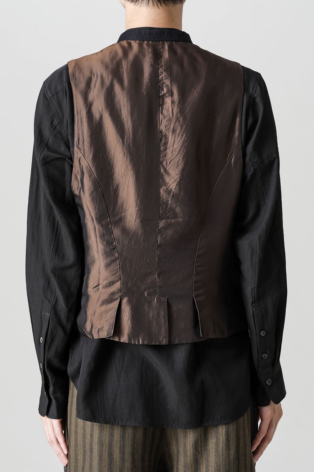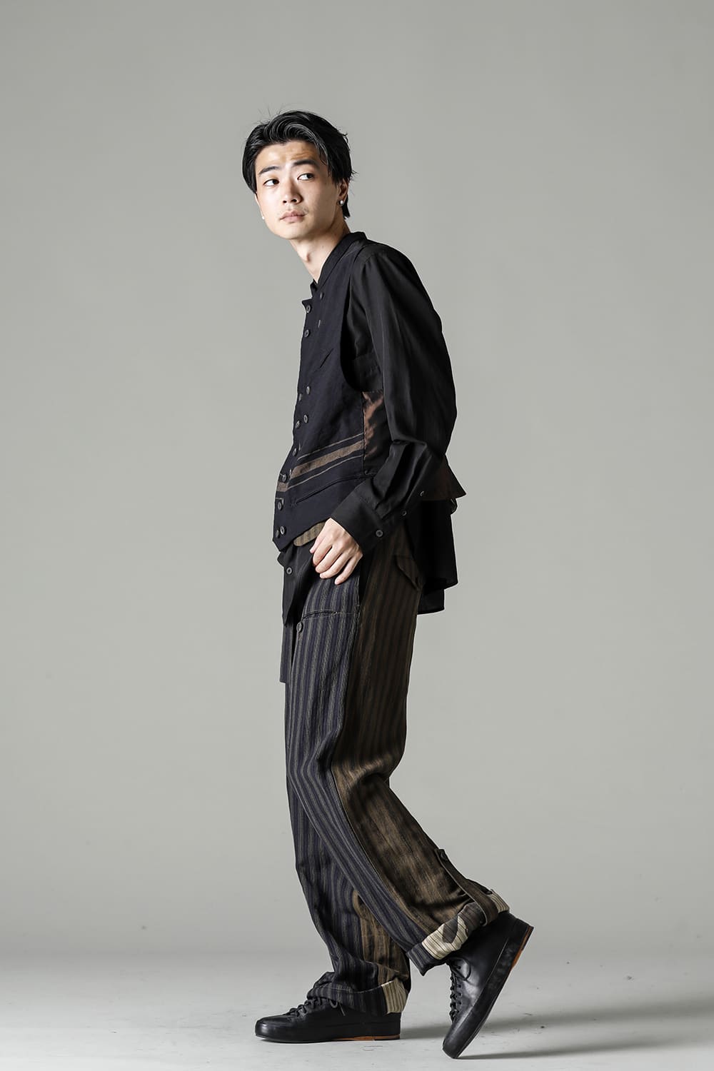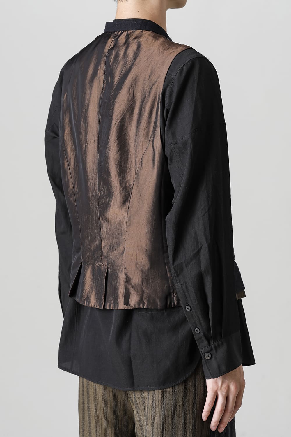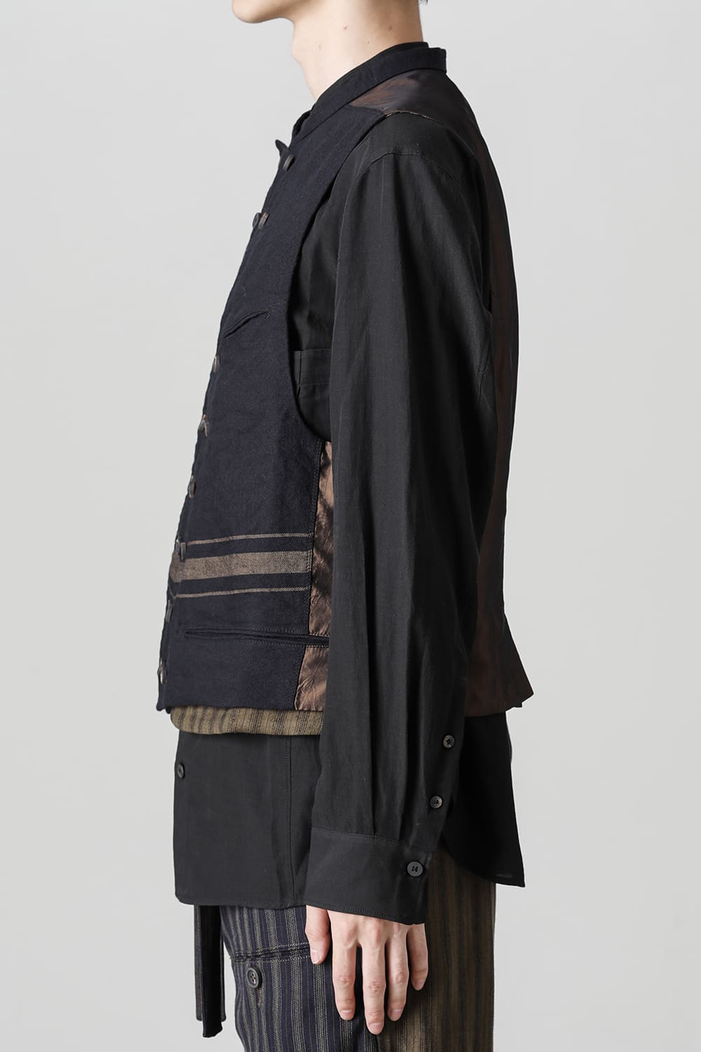マンダリンカラー、レギュラーフィットのダブルブレストベスト。多くのボタンで構成されたフロントデザインが印象的ですが、バックはキュプラ素材の3スリットのみというシンプルなデザイン。ポケットはスタイリッシュなジェッテッドポケットを3ヶ所に配置し、全体のデザインを引き立てつつユーザビリティが確保されています。フロントポケットの袋生地が裾から見えるようデザインされています。素材はコットン、ヴァージンウール、金属繊維がブレンドされたギャバジンで、深みのあるブラックとストライプデザインが美しく際立つように染色されています。裏地は非常にクールで滑らかな手触りの軽量キュプラカルゼ。
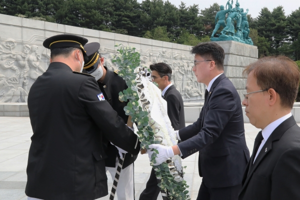 윤 청장은 현충탑 참배 후 방명록에 '국가와 국민을 위한 헌신과 희생 가슴에 새기면서 업무에 임한다'라고 적었다.
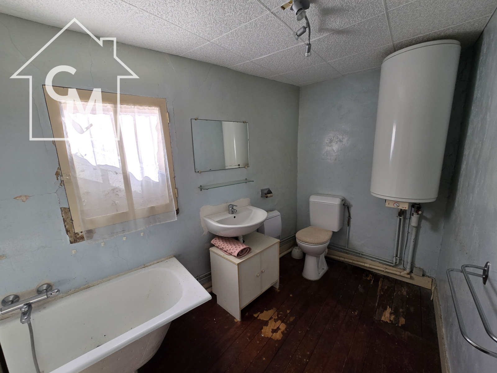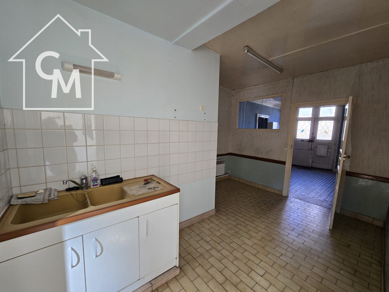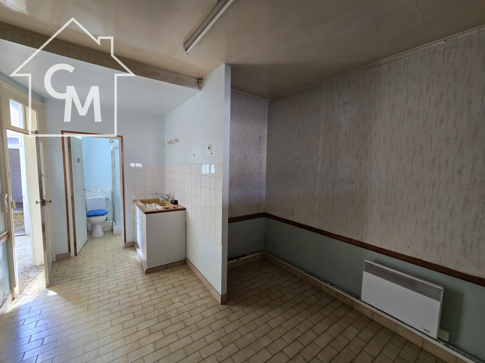 Maison d'habitation donnant sur rue composée au rez de chaussée de trois pièces, cuisine, wc et douche.

▶ **EXERCISE AIM**: Give back the material above exactly as it appears, minus the pictures.

▶ **OUTPUT FOR THIS TASK**:
マンダリンカラー、レギュラーフィットのダブルブレストベスト。多くのボタンで構成されたフロントデザインが印象的ですが、バックはキュプラ素材の3スリットのみというシンプルなデザイン。ポケットはスタイリッシュなジェッテッドポケットを3ヶ所に配置し、全体のデザインを引き立てつつユーザビリティが確保されています。フロントポケットの袋生地が裾から見えるようデザインされています。素材はコットン、ヴァージンウール、金属繊維がブレンドされたギャバジンで、深みのあるブラックとストライプデザインが美しく際立つように染色されています。裏地は非常にクールで滑らかな手触りの軽量キュプラカルゼ。
 윤 청장은 현충탑 참배 후 방명록에 '국가와 국민을 위한 헌신과 희생 가슴에 새기면서 업무에 임한다'라고 적었다.
 Maison d'habitation donnant sur rue composée au rez de chaussée de trois pièces, cuisine, wc et douche.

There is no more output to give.